The Kraft Heinz Company has announced plans to separate into two independent, publicly traded businesses in a tax-free spin-off, a move aimed at accelerating growth, sharpening strategic focus, and unlocking long-term shareholder value.
The transaction, approved unanimously by the board, is expected to close in the second half of 2026. Both new entities will target investment-grade capital structures and, in aggregate, are expected to maintain Kraft Heinz’s current dividend level.
The separation will create:
- Global Taste Elevation Co. – a global leader in sauces, spreads, seasonings and shelf-stable meals, with EUR14.3bn in 2024 net sales and EUR3.7bn in adjusted EBITDA. Anchored by Heinz, Philadelphia, and Kraft Mac & Cheese, this company will derive about 75% of sales from taste elevation categories, with significant exposure to emerging markets and foodservice.

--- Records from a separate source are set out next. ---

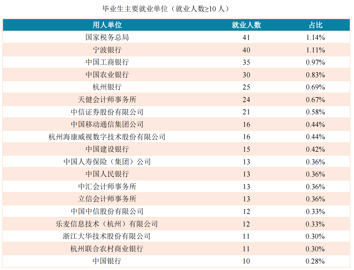 根据毕业生就业指导报告,浙江工商大学毕业生就业集中度相对较高,主要集中在金融、会计、信息技术服务类企业。部分主 要就业单位如下表所示: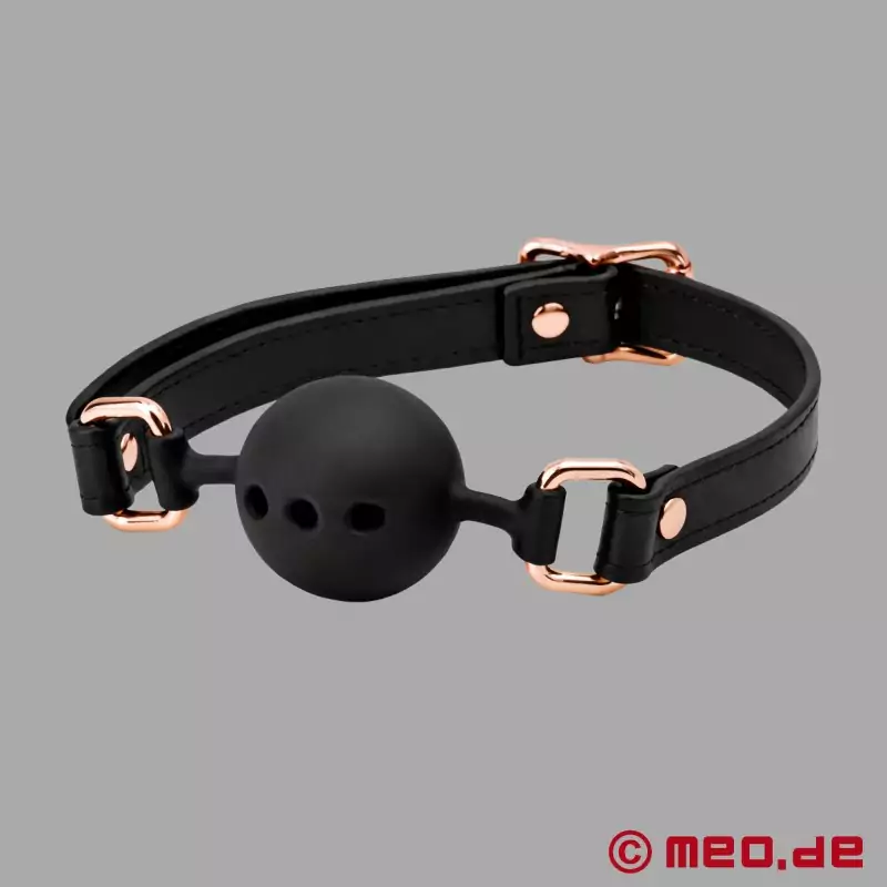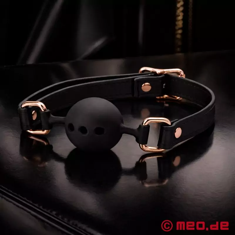 La combinación de negro intenso y oro rosa brillante confiere a la mordaza BDSM un aspecto irresistiblemente lujoso. Elegante y extremadamente eficaz, la mordaza de bola de MEO pone fin a las charlas superfluas en un abrir y cerrar de ojos. El cierre de hebilla del cinturón permite sujetar la mordaza con especial firmeza alrededor de la cabeza y garantiza el silencio del Sub. La bola de silicona de la mordaza tiene varias aberturas que facilitan la respiración mientras el Sub está amordazado y/o atado. El cuero vegano es cómodo de llevar y la conexión de silicona protege las comisuras de la boca. Como la bola amordazadora es de silicona, el Sub puede morderla sin dañar la bola ni los dientes. Todos los materiales utilizados son veganos y no contienen níquel.
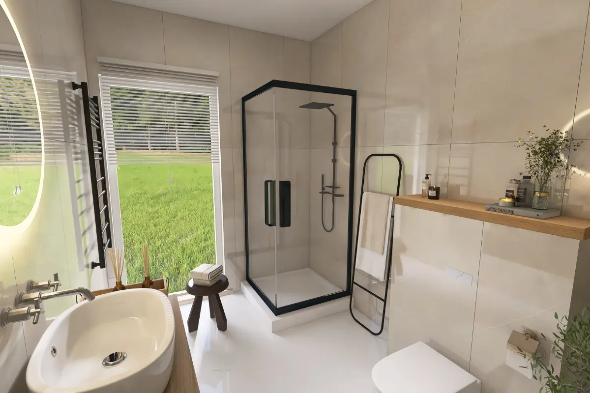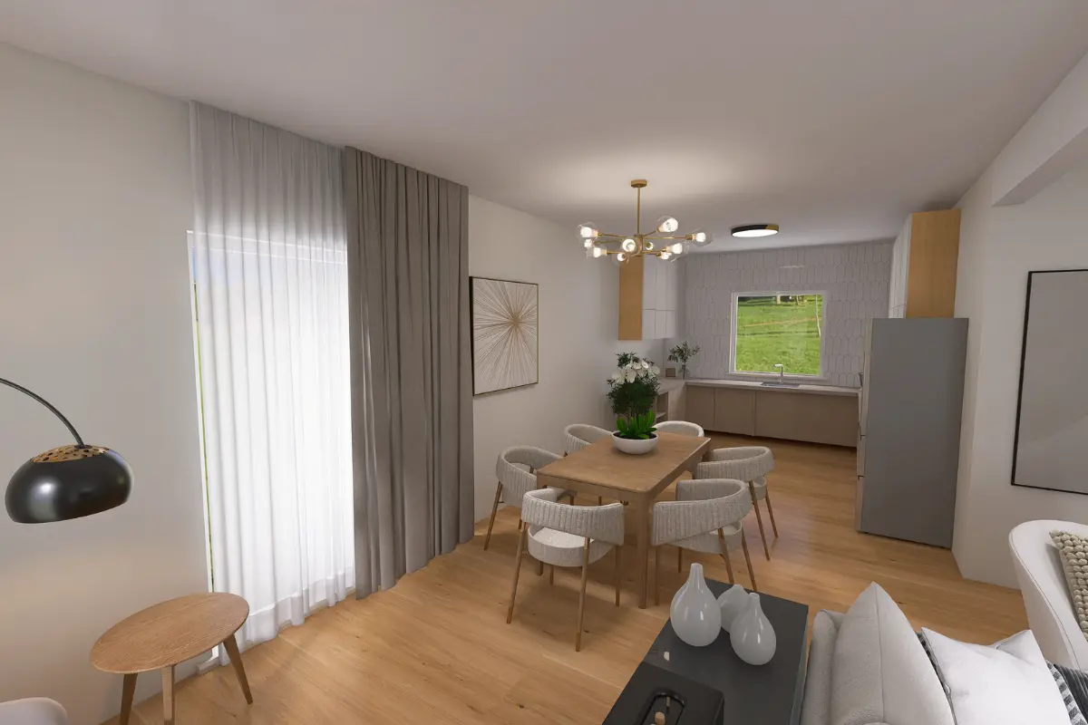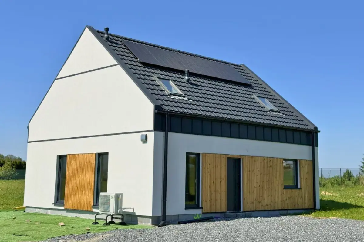 ZeroDom to nowoczesny dom niskoenergetyczny, zaprojektowany z myślą o minimalnych kosztach utrzymania. Wyposażony m.in. w pompę ciepła, fotowoltaikę, zbiornik CWU 200 l oraz zbiornik na deszczówkę, łączy ekologię z komfortem codziennego życia. Stonowana elewacja w bieli i jasnym dębie nadaje mu elegancki, ponadczasowy charakter, a duże przeszklenia zapewniają doskonałe doświetlenie wnętrz. 140 m² powierzchni netto (113,81 m² użytkowej) to przestronny salon z kuchnią oraz 3 pokoje, 2 łazienki, 2 garderoby i pomieszczenie gospodarcze.

- North American Grocery Co. – a portfolio of core staples generating EUR9.6bn in 2024 net sales and EUR2.1bn in adjusted EBITDA. Led by Oscar Mayer, Kraft Singles and Lunchables, around three-quarters of its sales come from category leaders. This company will focus on operational efficiency and reliable cash generation, while pursuing growth in adjacencies and Away From Home.
Carlos Abrams-Rivera, current CEO of Kraft Heinz, will lead North American Grocery Co. The board has begun a search for a chief executive for Global Taste Elevation Co. Miguel Patricio, current chair, will serve as executive chair of the overall board during the transition.
A separation committee, chaired by vice chair John Cahill, has been formed to oversee execution. The company expects up to EUR280m in dis-synergies but plans to mitigate a large portion of these. Headquarters will remain unchanged.
Kraft Heinz said the restructuring will simplify operations, enable more effective capital allocation, and provide both companies with the agility to compete in their respective markets.